As we increasingly recognise the importance of data based decisions, Machine Learning and AI, we decided to survey to a population of Data Science professionals in order to produce a report to help aspiring Data Scientists make sure they pick up the right skills and experiences to excel in their chosen profession. The survey was distributed in May and we now intend to produce a report to share the findings.
The responses have led to a number of interesting finds, which I thought I would share in advance of the full report being developed.
A newer / younger profession:
In comparison with Wade Macdonald’s other specialisms, Data Science is very much in its infancy and this is reflected in the age of those that responded to us. Of the 100+ respondents, 48% were under the age of 34, with only 22% above the age of 45. 55% of those responding had under 5 years’ commercial experience and only 25% above 10 years. However, age was not a defining factor to the seniority of Data Science professionals, with 35% of the total pool working within Senior Positions. As a newer profession, we are able to conclude that people are able to progress quickly if they demonstrate the skills required.
Barrier to entry:
It would appear that there are some barriers to entry to the profession. I think it is fair to conclude that not gaining a degree would make it hard to get a job in Data Science. Only 4% of those that responded to us did not have any form of degree and remarkably just over a third of people had achieved at least a masters. 20% had a PHD.

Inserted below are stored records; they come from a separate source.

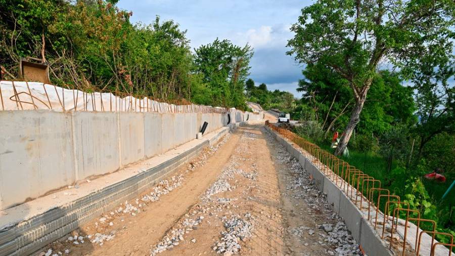 Na odseku, ki ga ureja Konzorcij, dela mirujejo, saj čakajo na horizontalne armiranobetonske vezi, da bi zaključili oporne zidove ob cesti. Na zadnjo stran gornjih zidov so namestili drenažno vrečo iz geotekstila, ki bo služila odvajanju vode s hriba oz. njenemu preusmerjanju skozi cevi ob vznožju stene. Voda bo pronicala skozi vrečo, v kateri je kamenje. Ko bo stena nared, bodo vrečo zaprli in nad njo nasuli zemljo na raven parcele, zunanjo stranico zidu pa obložili s kamni. Krajani so inženirja prosili, naj nekaj centimetrov kamenja odstranijo iz vreče, da bo nasute zemlje nad njim več in se bo dalo kaj posaditi.
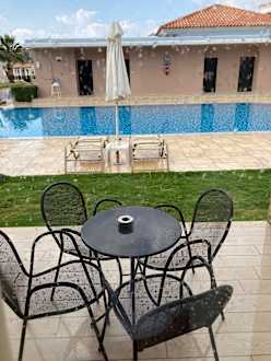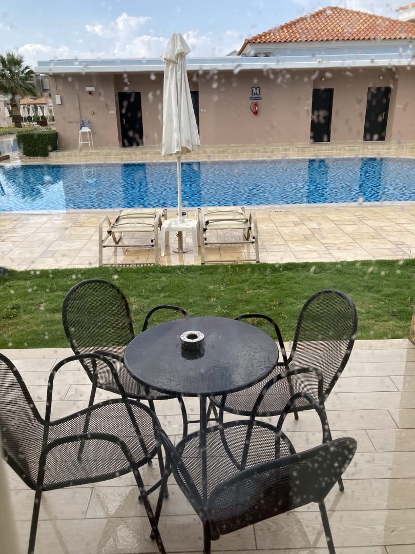 Aussenblick aus dem Zimmer auf dem (fast) privaten Pool. Leider hat es am ersten Tag geregnet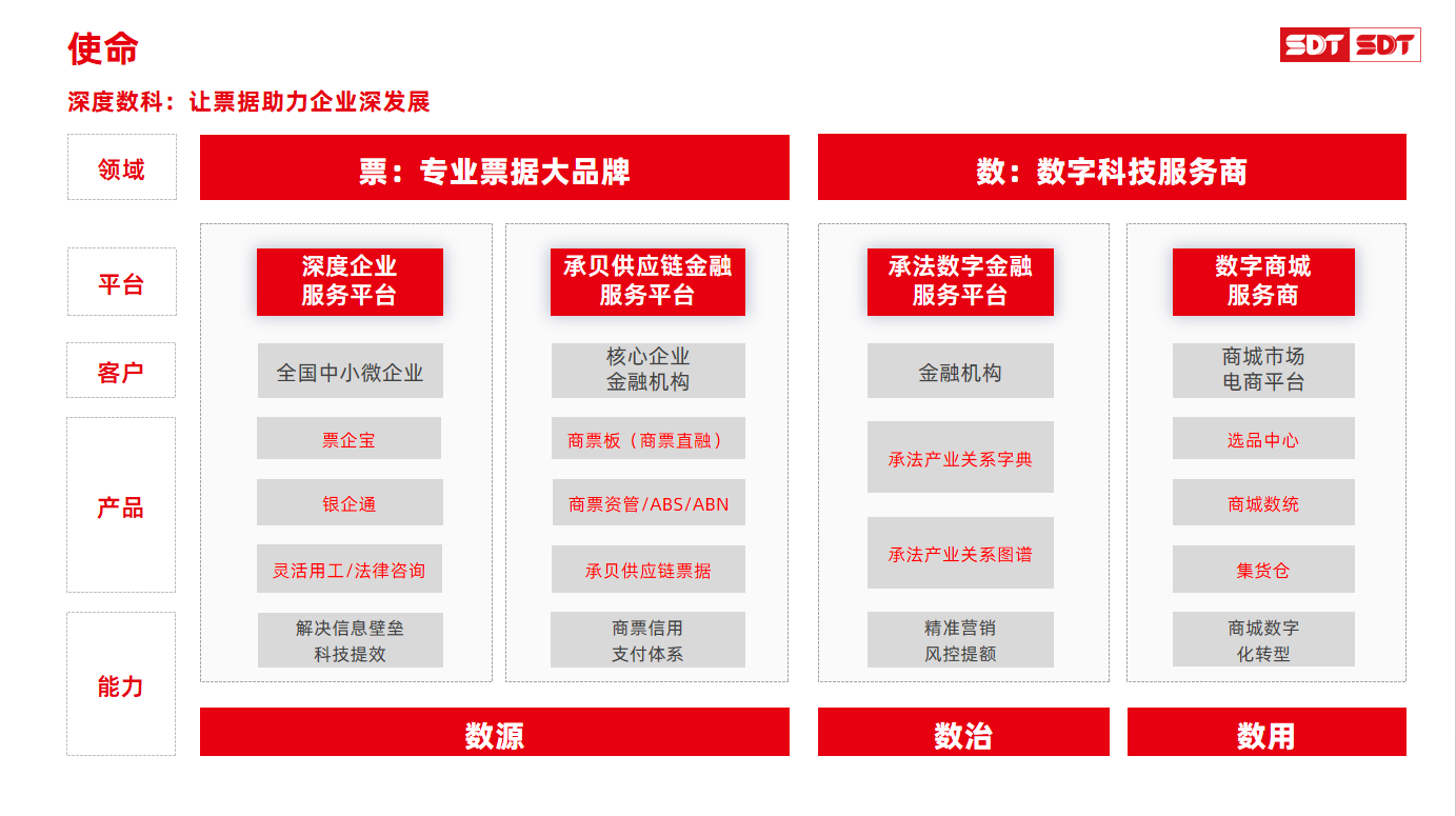 未来,深度数科集团坚定步伐,不断进行技术创新,打造票据新生态,产品迭代紧跟时代,聚焦票据服务,为打造中国票据强企,服务百万级中小微企业的远景目标不断奋进。

The most common degrees were within either Computer Science or Statistics / Mathematics. Less than 10% of people responding had a degree that was not Science / Engineering based.
Languages / libraries most commonly used:
The most common programming languages used were SQL (59%) and Python (54%). R (28%), Matlab (17%) and C/C++ (16%) were also commonly used. When asked if Data Scientists would recommend just one language to use, it was Python at a huge 66%. This fits in well with what we see in the market where around 80% of the roles we have registered over the past 6 months have required competency in Python.
In terms of the Machine Learning Libraries most commonly used, there were again 2 clear favourites. Scikit-Learn was the most commonly used at 35% with Tensorflow just behind at 32%. Fewer used libraries were Keras, RandomForest and Pytorch, which were all used by around 15% of the respondents.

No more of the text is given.